What's in our Pantry: Rice Noodles
In a continuation of finding good stuff in our pantry to cook during these unique times, we're reaching far back and exploring those rice noodles you might've purchased for pad thai you never made, or spring rolls you only made once... Or you may cook with rice noodles a lot (i do!). Here's an easy recipe - I used flat wide rice noodles, but you could use any rice noodles. And one of the big advantages of rice noodles is that they cook (or rehydrate) very quickly, making this a quick, easy, healthy meal.
Ingredients* for approx. 4 servings:
198 grams - depending on noodles, about a half package-- your choice (could use everything from cellophane noodles to wide noodles) canola or vegetable oil 2 minced garlic cloves 1 inch ginger - grated, minced or roughly chopped
2 chicken breast
1 to 2 zucchini or any summer squash, sliced
1 medium onion, chopped
5 mushrooms, sliced
1 red bell pepper, sliced
Sauce: 3 tablespoons light soy sauce
1.5 tablespoons sesame oil
2 tsp sambal or sriracha (more if you like heat)
chopped cilantro white pepper Salt to taste Sesame seeds
Method: Cook rice noodles according to package directions
In a wok or heavy bottom skillet on high heat, heat oil, add ginger & garlic and heat until fragrant. Toss in chicken and cook until almost done. Remove from heat. In same pan, add more oil if necessary. Toss in onions, mushrooms and squash - cook until tender. Add peppers and cook until heated. Add chicken back into pan and finish cooking until done. If pan is large enough, add noodles and sauce, tossing together to incorporate well - if pan is not large enough this step can be done in a bowl. Top with cilantro, sesame seeds and season with white pepper and salt if needed.
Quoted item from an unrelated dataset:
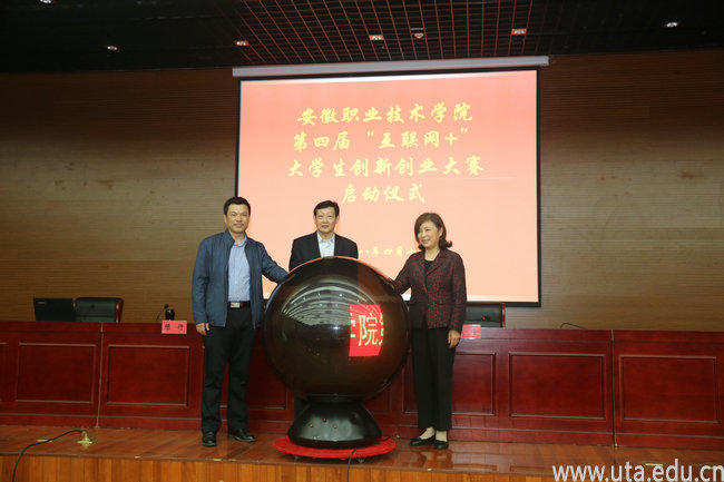 陈行宣读《关于举办亚星游戏网第四届“互联网+”创新创业大赛的通知》文件。财经商贸学院教师杜淑琳,管理学院学生王朝阳,分别作为教师代表与学生代表发言。
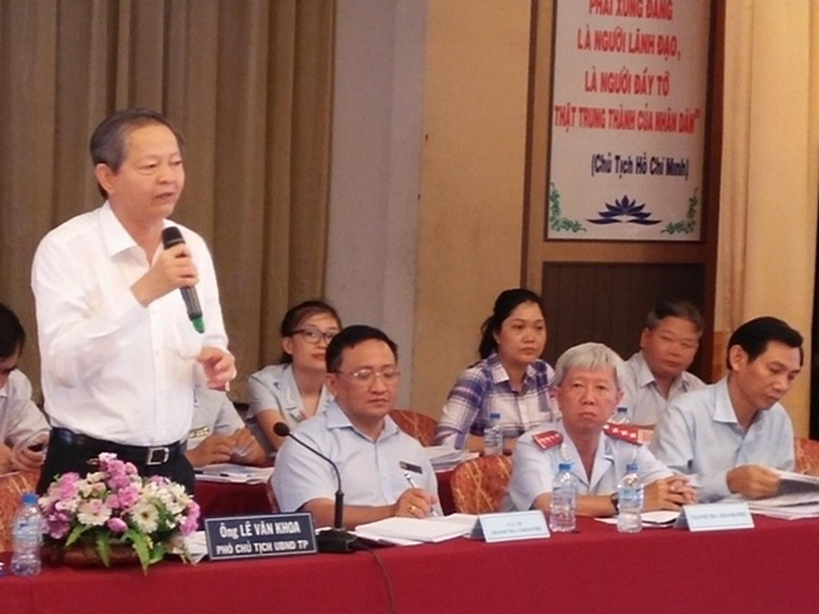 Tại buổi đối thoại ngày 15/3/2017, ông Lê Văn Khoa, Phó Chủ tịch UBND TP Hồ Chí Minh đã 3 lần xin lỗi 22 hộ dân. Ảnh: KQ

Enjoy with Wautoma Springs Rosé! Cheers!
*Many subs could made with this recipe - especially since now is not the time to run to the store to pick up one thing. If you don't have chicken breast - use thighs, or no chicken at all (this would be great with any meat, even fish, although we suggest roasting or pan cooking fish separate then plating on the side) - and easily could be a filling vegetarian dish on it's own or with tofu. Use whichever veggies you have and sound good. Don't have ginger? Won't ruin it. You could sub dried ginger, or just go without. Don't have light soy sauce - use regular, but less. Don't have soy sauce period? No problem, use a touch of water, vinegar or wine to deglaze the pan and then use extra salt to season. No sesame oil? A bummer, but not needed (just different flavor). You could chop up peanuts instead, or go a completely different direction with lime juice and zest (and a pinch of sugar). No hot sauce? Try chili flakes or cayenne pepper - or skip. No white pepper? Skip it. No cilantro? Use parsley, basil, tarragon instead - if you have it. If you don't, won't ruin the meal (some thinly sliced cucumbers would be nice, too!)